J. MILES HANISEE, Judge.

{1} Child appeals from an adjudication of delinquency. We issued a calendar notice proposing to affirm. Child has responded with a memorandum in opposition. Not persuaded, we affirm.

{2} Issues 1-4:

Child has claimed that the district court should have granted his motion to suppress on the basis that the officers arrested him on outstanding warrants as a pretext to question him about unrelated crimes. However, this Court recently concluded that the pretextual stop doctrine does not apply where a defendant is arrested pursuant to an outstanding warrant. State v. Peterson, 2014-NMCA-008, ¶ 7, 315 P.3d 354.

{3} Issue 5:

Child continues to challenge the sufficiency of the evidence to support the adjudication of delinquency. "In reviewing the sufficiency of the evidence, we must view the evidence in the light most favorable to the guilty verdict, indulging all reasonable inferences and resolving all conflicts in the evidence in favor of the verdict." State v. Cunningham, 2000-NMSC-009, ¶ 26, 128 N.M. 711, 998 P.2d 176. The question is whether the trial court's "decision is supported by substantial evidence, not whether the [trial] court could have reached a different conclusion." In re Ernesto M., Jr., 1996-NMCA-039, ¶ 15, 121 N.M. 562, 915 P.2d 318. "The reviewing court does not weigh the evidence or substitute its judgment for that of the fact finder as long as there is sufficient evidence to support the verdict." State v. Mora, 1997-NMSC-060, ¶ 27, 124 N.M. 346, 950 P.2d 789, overruled on other grounds by Kersey v. Hatch, 2010-NMSC-020, 148 N.M. 381, 237 P.3d 683.

{4} The underlying judgment in this case involved consolidated proceedings. [RP 155] The notice of appeal is directed at the findings in JR-13-020, in which the district court determined that Child committed the acts of (1) possession of a controlled substance (methamphetamine), (2) tampering with evidence, (3) resisting, evading or obstructing an officer, and (4) possession of marijuana or synthetic cannabinoids. [RP 155, 176]

{5} Our calendar notice proposed to affirm based on the facts set forth in the docketing statement.

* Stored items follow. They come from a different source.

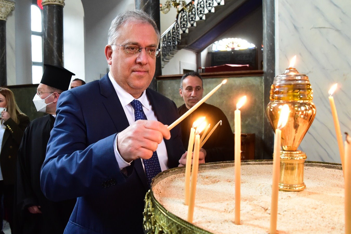 Ο Υπουργός Προστασίας του Πολίτη Τάκης Θεοδωρικάκος συναντήθηκε κατά τη διάρκεια της επίσκεψής του στην Κωνσταντινούπολη με μέλη της Ελληνικής κοινότητας. Σε ανάρτηση του στα social media ο Υπουργός αναφέρει: «Πριν αναχωρήσω από την Κωνσταντινούπολη, είχα τη χαρά να συναντήσω Έλληνες της Πόλης, στο προαύλιο του ναού Παμμεγίστων Ταξιαρχών όπου κάθε χρόνο η Κοινότητα Μεγάλου Ρεύματος – αυτού του ιστορικού χωριού του Βοσπόρου- οργανώνει την ομαδική προετοιμασία των Πασχαλινών εθίμων. Είχα την ηθική υποχρέωση να βρεθώ δίπλα τους! Ξεναγήθηκα στο ναό, μίλησα με τους εκπρόσωπους των Ρωμαίικων Κοινοτήτων Κωνσταντινούπολης και τους εξέφρασα το συνεχές κι έμπρακτο ενδιαφέρον της ελληνικής πολιτείας. Το επιθυμούν, το χρειάζονται αυτό το ενδιαφέρον και το εξέφρασαν ευθαρσώς μαζί με τη χαρά τους για την πρώτη επίσκεψη Έλληνα υπουργού Προστασίας του Πολίτη μετά από πολλά χρόνια. Οι ομογενείς της Πόλης, υπό δύσκολες -συχνά- συνθήκες και με μνήμες που κρατούν το πάθος τους άσβεστο, συνεχίζουν με αξιοθαύμαστο ζήλο να τηρούν τα ήθη και τα έθιμα της Ελληνορθόδοξης παράδοσης! Επιμένουν να ζουν στις πατρογονικές εστίες, θυμίζοντάς μας αυτά που δεν πρέπει να ξεχάσουμε ποτέ. Είναι συγκινητικοί! Τους εύχομαι υγεία και δύναμη. Καλή Ανάσταση, καλό Πάσχα!»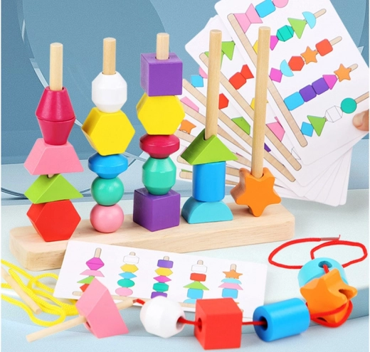 Lükake helmeid nöörile või laduge need tappidele etteantud näidiste järgi. Lapsed valivad, mis neid köidab – samal ajal harjutades motoorikat ja keskendumist.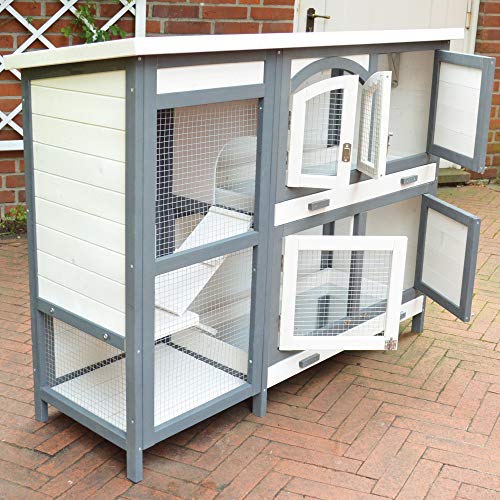 zooprinz brandneuer Hasenstall Krümmel - wetterfest und leicht zu reinigen - 2-stöckigXXL Kotschubladen, ideal für Draußen, Holzvilla für Kleintiere, braun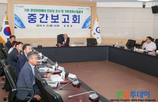 【전남투데이 구정준 기자】광양시는 지난 12일(월) 오후 2시 시청 상황실에서 마린베이 관련 부서장, 유관기관 관계자 등 20여 명이 참석한 가운데 광양마린베이 기본계획수립용역 중간보고회를 개최했다고 밝혔다.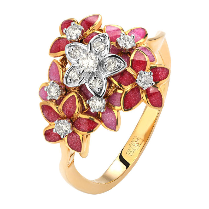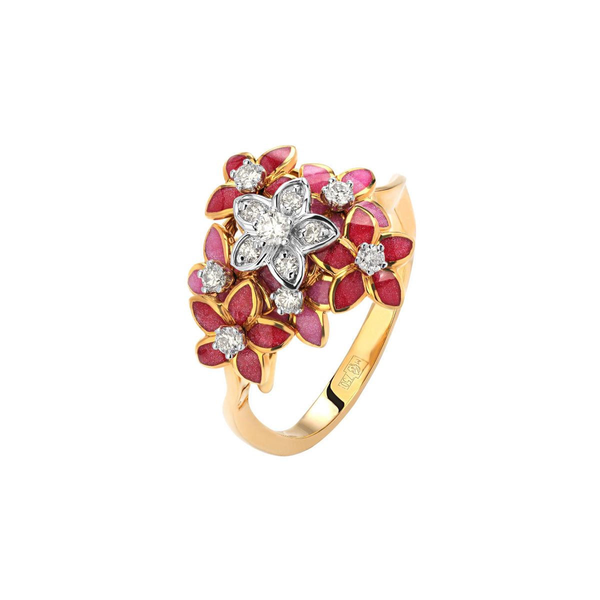 Кольцо из комбинированного золота 750 пробы с бриллиантами и эмалью 01К685723ЭL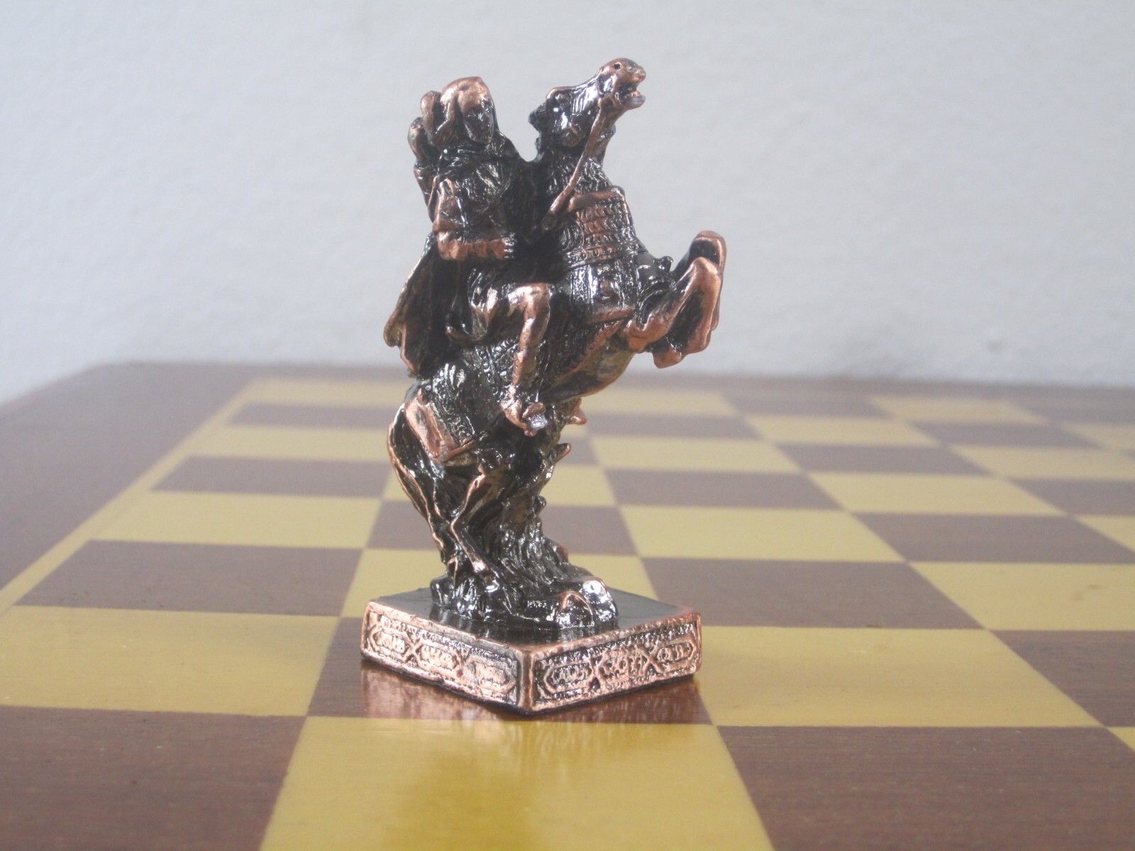 The Ancient Chinese Chess Set includes 32 intricately hand-pewter pieces, each featuring intricate details specific to Chinese design.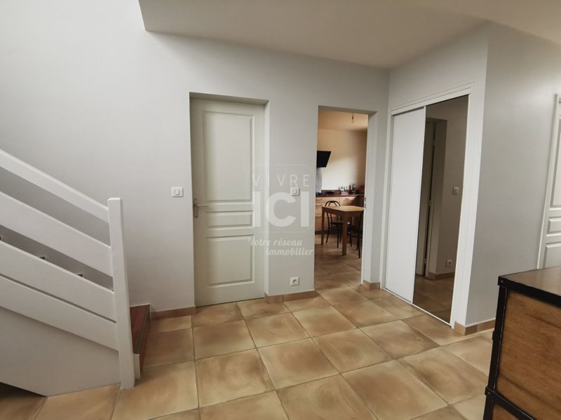 A louer à Sautron, dans un secteur calme et à proximité du centre, des commodités et transport, maison meublée de type T4 comprenant une entrée cathédrale avec placard, une cuisine aménagée et équipée (plaque de cuisson, hotte, four, lave-vaisselle, réfrigérateur / congélateur), un séjour traversant avec cheminée, donnant sur la terrasse, et wc séparé.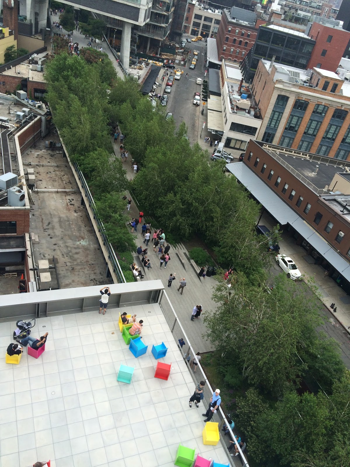 We perused through all the floors of art work, each devoted to different periods throughout the twentienth century.  I can’t say I understood or appreciated much of it, but we certainly found it entertaining.  Like the artist who had cut a square of old wallpaper and framed it to look nice, or another who had stuck a whole bunch of “VIA AIR MAIL” stickers on a canvas board.  I’m not sure how either is art but hey I subscribe more to the notion of “Art for art’s sake” than “Art is in the eye of the beholder”.  Maybe I just don’t get it.  Either way, we enjoyed the outdoor sculptures and making up stories about them, and taking photos from the outdoor areas on the upper floors which has some great vistas around NYC.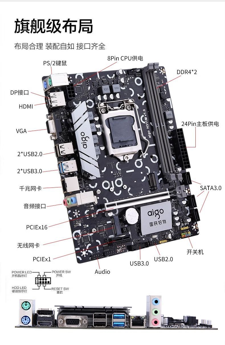 Aigo H311M 마더 보드 1151 핀 DDR4 새로운 마더 보드 지원 6/7/8/9 세대 CPU 터미네이터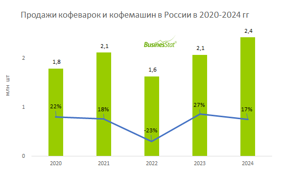 В 2024 г продажи кофеварок и кофемашин в России увеличились на 17% до 2,4 млн шт.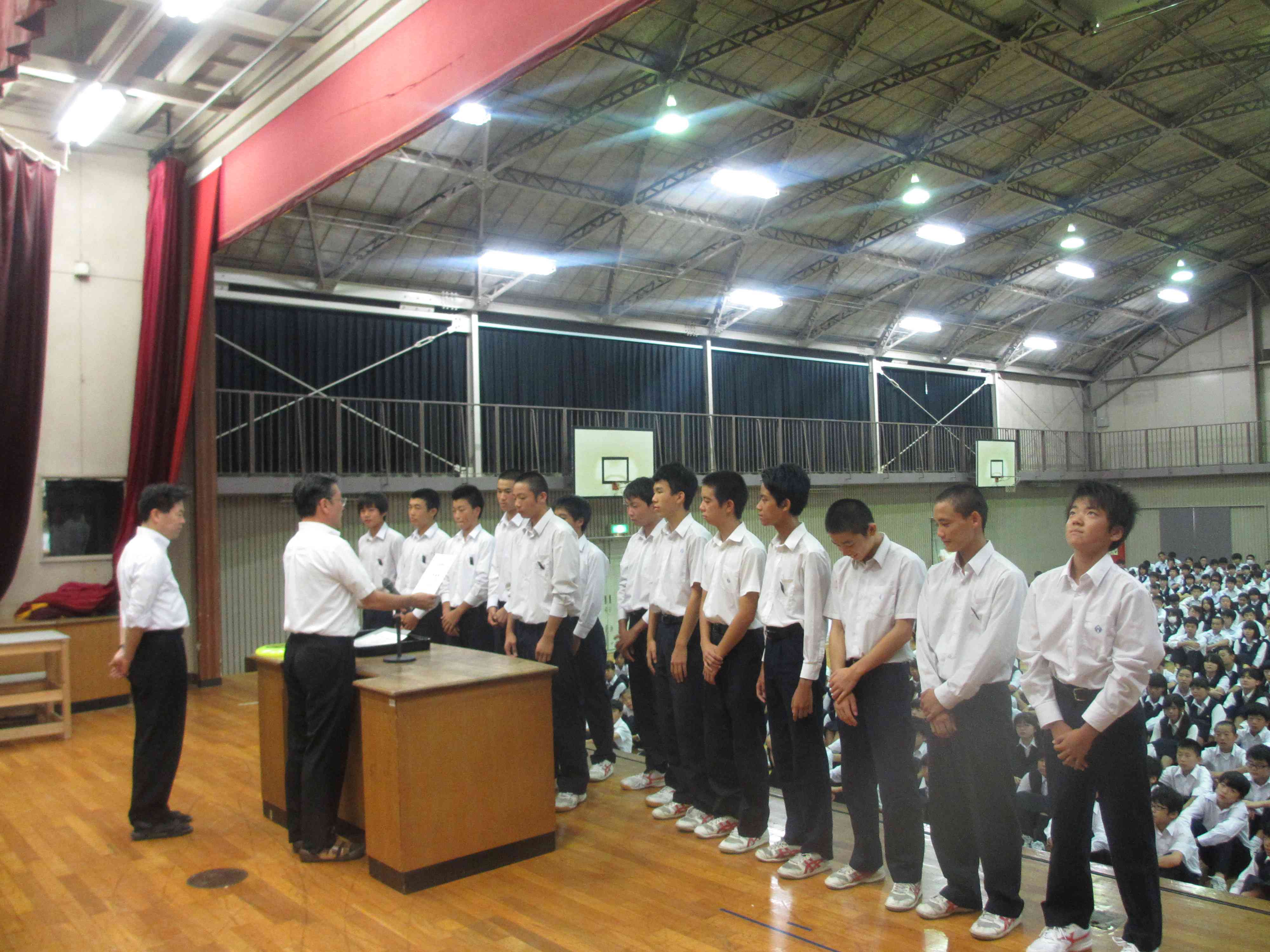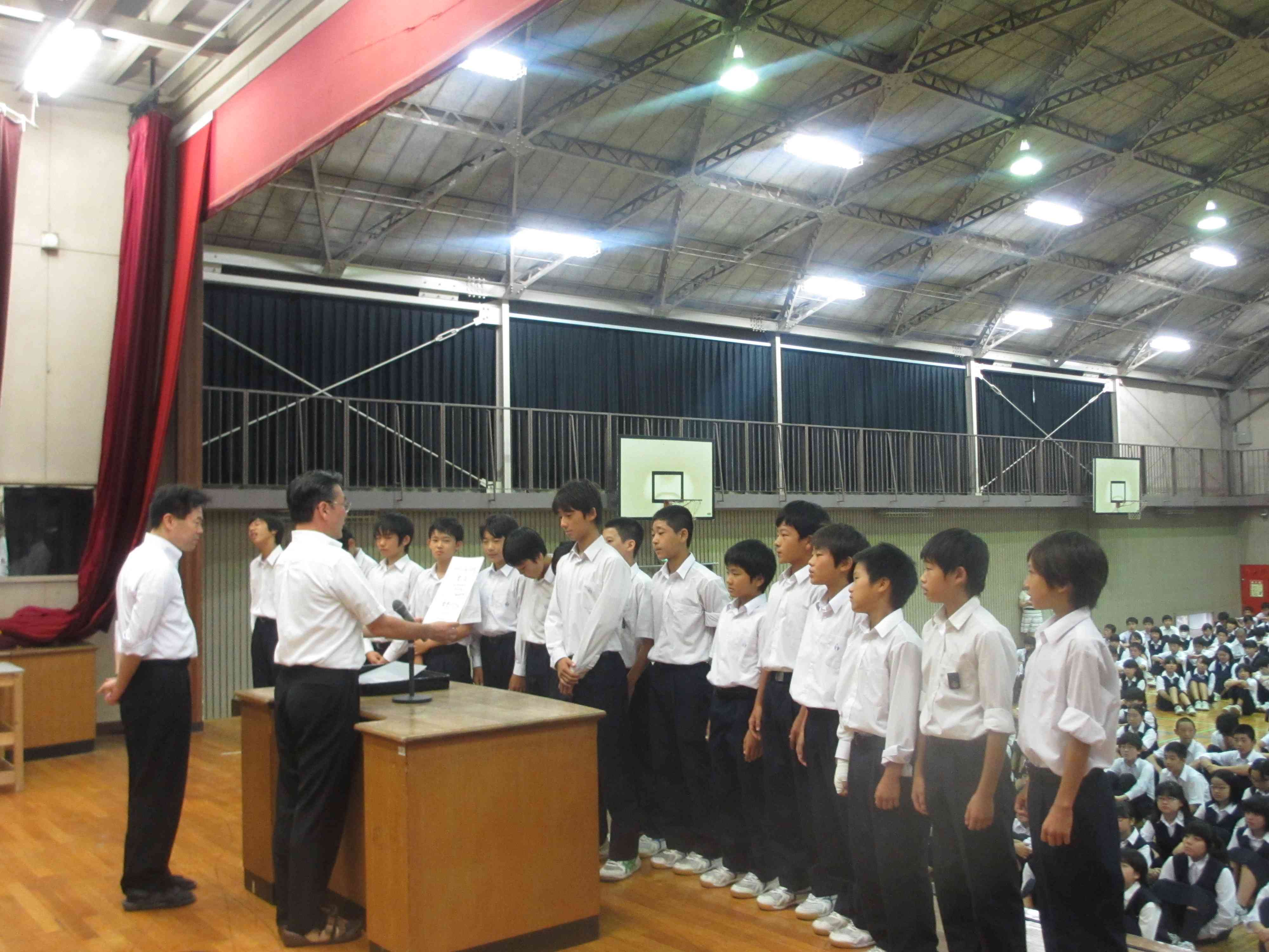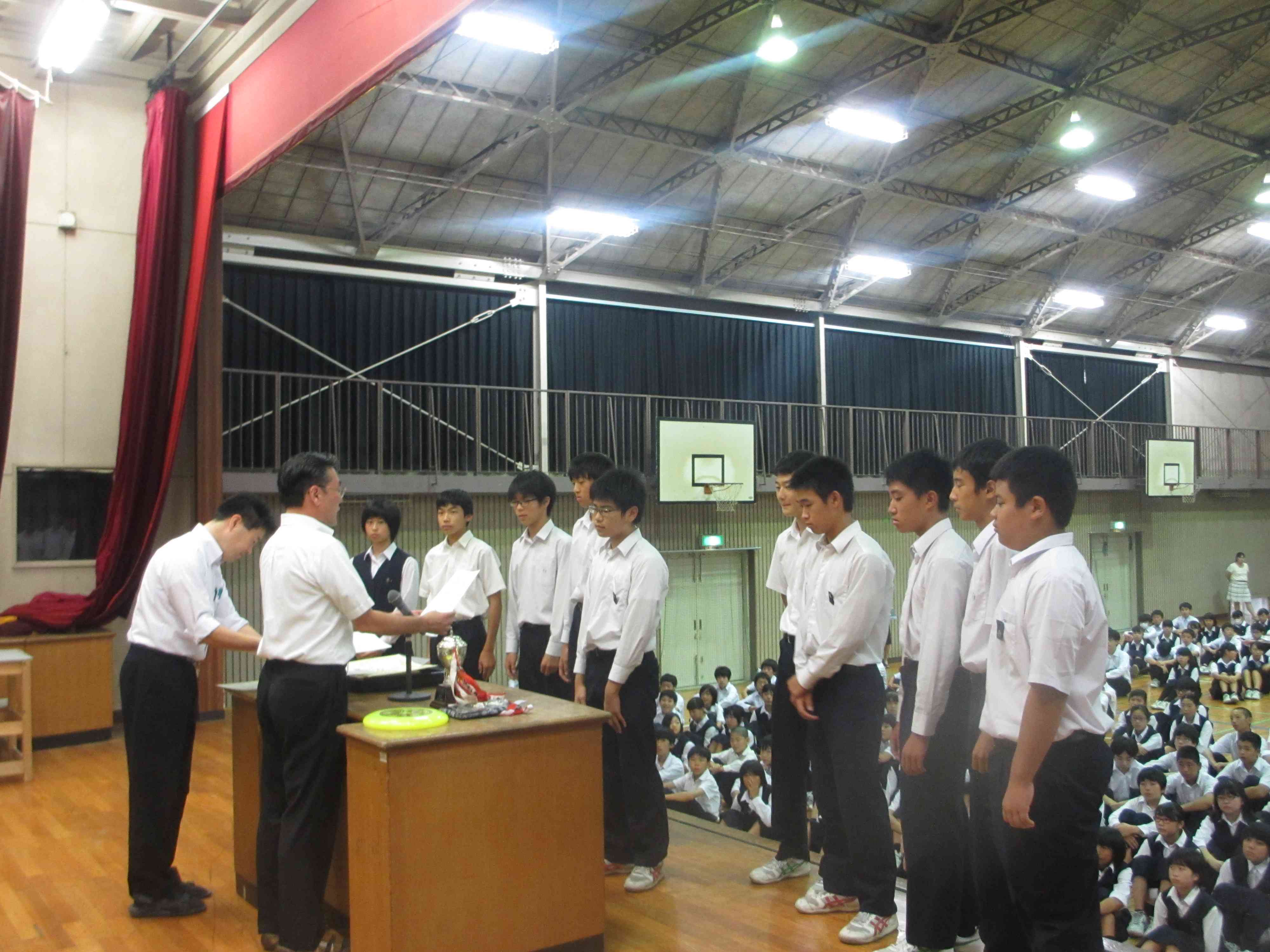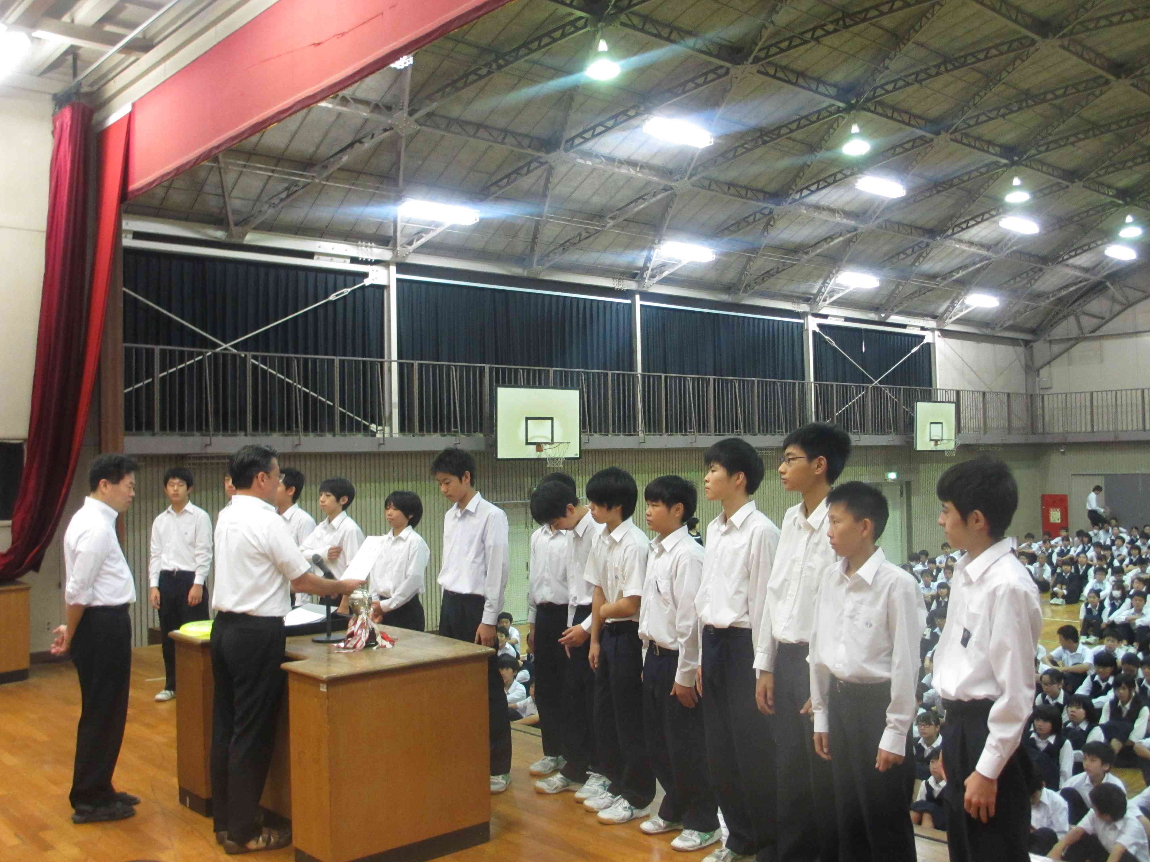 ★各部活動の表彰が行われました。 ・陸上競技部 ・男子バスケットボール部 市内大会:優勝 ・女子バレー部 市内大会:優勝 ・サッカー部 市内大会:準優勝 ・3年有志 全国ユースアルティメット選手権大会:準優勝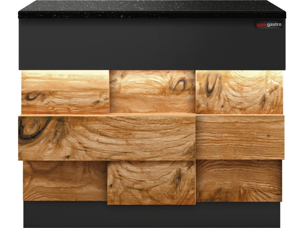Lada kasowa TORONTO - 900 mm - drewniany panel przedni - blat z czarnego granitu

Specifically, Child attempted to flee when the officers came to arrest him. [DS 6] Once caught, Child handed a bag to his grandmother. [DS 6] The bad contained methamphetamine and marijuana. [DS 6, 12] Child's memorandum in opposition does not point out any error in fact or law in our calendar notice. See State v. Ibarra, 1993-NMCA-040, ¶ 11, 116 N.M. 486, 864 P.2d 302 ("A party opposing summary disposition is required to come forward and specifically point out errors in fact and/or law.").

{6} For the reasons set forth above, we affirm.

{7} IT IS SO ORDERED.

RODERICK T. KENNEDY, Chief Judge and JAMES J. WECHSLER, Judge, concurs.